Однако на следующий день он прибежал ко мне, едва переводя дыхание.
– О, хозяин, – воскликнул он, – странная вещь происходит сейчас в юрте у шамана Нивака! Мы погибли. Так нам и не удалось одеться в теплые меха и покурить вкусного табаку, и все это из-за твоей жадности к патоке и муке. Пойди к шаману и убедись лично, а я останусь здесь и послежу за напитком.
Я отправился в юрту Нивака, и что я увидел там! Оказалось, что он устроил свой собственный аппарат по точному образцу моего. При виде меня он с трудом мог скрыть свое торжество.
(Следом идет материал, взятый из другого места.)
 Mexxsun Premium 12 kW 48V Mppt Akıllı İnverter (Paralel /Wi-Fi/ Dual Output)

Он был хитрый человек, сон его в моей юрте был не особенно глубок.
Но меня это нисколько не смутило, потому что я кое-что знал и, вернувшись к себе в юрту, стал успокаивать Мусу и сказал ему:
– К счастью, у этих людей существует право собственности. Пользуясь их уважением к собственности, давай-ка пока что отдыхать; а потом мы введем у них новые законы, которых другие народы добились только путем тяжких трудов и страданий.
Но Мусу плохо понимал меня, пока шаман не явился к нам и не потребовал с горящими глазами и с угрозой в голосе, чтобы я продал ему часть своих запасов.
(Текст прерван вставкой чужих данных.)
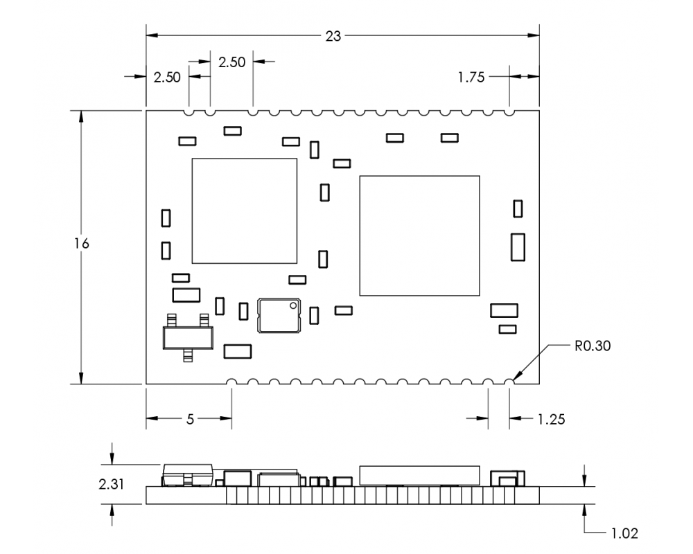 - Small footprint: ~16 × 23 × 2.3mm module ideal for embedded products.

– Смотри, – кричал он, – во всем становище не осталось больше ни муки, ни патоки! Ты хитрым способом выманил их у моего народа, который, правда, узнал напиток и спал на лоне богов, но зато теперь ничего не имеет, кроме распухших лиц и трясущихся колен, да еще жажды, которую никак не может утолить. Это плохо с твоей стороны, а так как мой голос имеет власть среди них, то не мешало бы тебе с нами сделать обмен, чтобы наши патока и мука возвратились от тебя к нам.
И я ответил:
– Добрую речь сказал ты, и мудрость обитает у тебя на устах. Будем меняться. За столько-то вот муки и столько-то патоки ты дашь мне ящик с этикеткой «звездочка» и два ящика табаку.
Мусу застонал, а когда сделка была заключена, он стал меня упрекать.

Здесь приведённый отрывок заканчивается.